Listed entries

== == ==

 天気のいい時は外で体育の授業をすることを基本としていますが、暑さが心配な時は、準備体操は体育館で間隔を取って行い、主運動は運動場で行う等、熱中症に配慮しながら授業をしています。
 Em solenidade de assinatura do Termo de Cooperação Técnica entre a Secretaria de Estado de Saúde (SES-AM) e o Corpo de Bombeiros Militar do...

== == ==

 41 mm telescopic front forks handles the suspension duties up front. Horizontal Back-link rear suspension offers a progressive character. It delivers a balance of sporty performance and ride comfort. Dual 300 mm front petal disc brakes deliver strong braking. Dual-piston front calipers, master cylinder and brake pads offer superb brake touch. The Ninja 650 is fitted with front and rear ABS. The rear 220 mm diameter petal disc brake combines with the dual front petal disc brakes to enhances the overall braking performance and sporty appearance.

== == ==

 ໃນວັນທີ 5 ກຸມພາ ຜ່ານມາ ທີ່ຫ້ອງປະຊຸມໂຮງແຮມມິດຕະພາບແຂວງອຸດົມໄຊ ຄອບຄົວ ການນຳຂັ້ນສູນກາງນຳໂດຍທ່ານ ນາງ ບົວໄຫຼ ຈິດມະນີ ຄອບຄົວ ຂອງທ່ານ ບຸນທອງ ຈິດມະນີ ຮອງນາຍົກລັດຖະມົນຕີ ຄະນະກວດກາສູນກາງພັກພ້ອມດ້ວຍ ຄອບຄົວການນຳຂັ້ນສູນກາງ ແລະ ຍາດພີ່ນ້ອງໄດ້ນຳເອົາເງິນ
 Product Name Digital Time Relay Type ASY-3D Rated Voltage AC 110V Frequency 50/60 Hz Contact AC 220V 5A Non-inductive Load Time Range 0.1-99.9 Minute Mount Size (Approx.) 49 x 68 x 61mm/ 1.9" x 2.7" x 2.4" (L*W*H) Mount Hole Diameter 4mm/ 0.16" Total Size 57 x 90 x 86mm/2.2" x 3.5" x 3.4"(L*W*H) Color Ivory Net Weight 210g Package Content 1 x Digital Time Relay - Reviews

== == ==

To do
Looking at the data above, write out exactly the lines that start at the one containing "天気のいい時は外で体育の授業" and end at the one containing "Em solenidade de"; include both and nothing beyond.

Finished task
 天気のいい時は外で体育の授業をすることを基本としていますが、暑さが心配な時は、準備体操は体育館で間隔を取って行い、主運動は運動場で行う等、熱中症に配慮しながら授業をしています。
 Em solenidade de assinatura do Termo de Cooperação Técnica entre a Secretaria de Estado de Saúde (SES-AM) e o Corpo de Bombeiros Militar do...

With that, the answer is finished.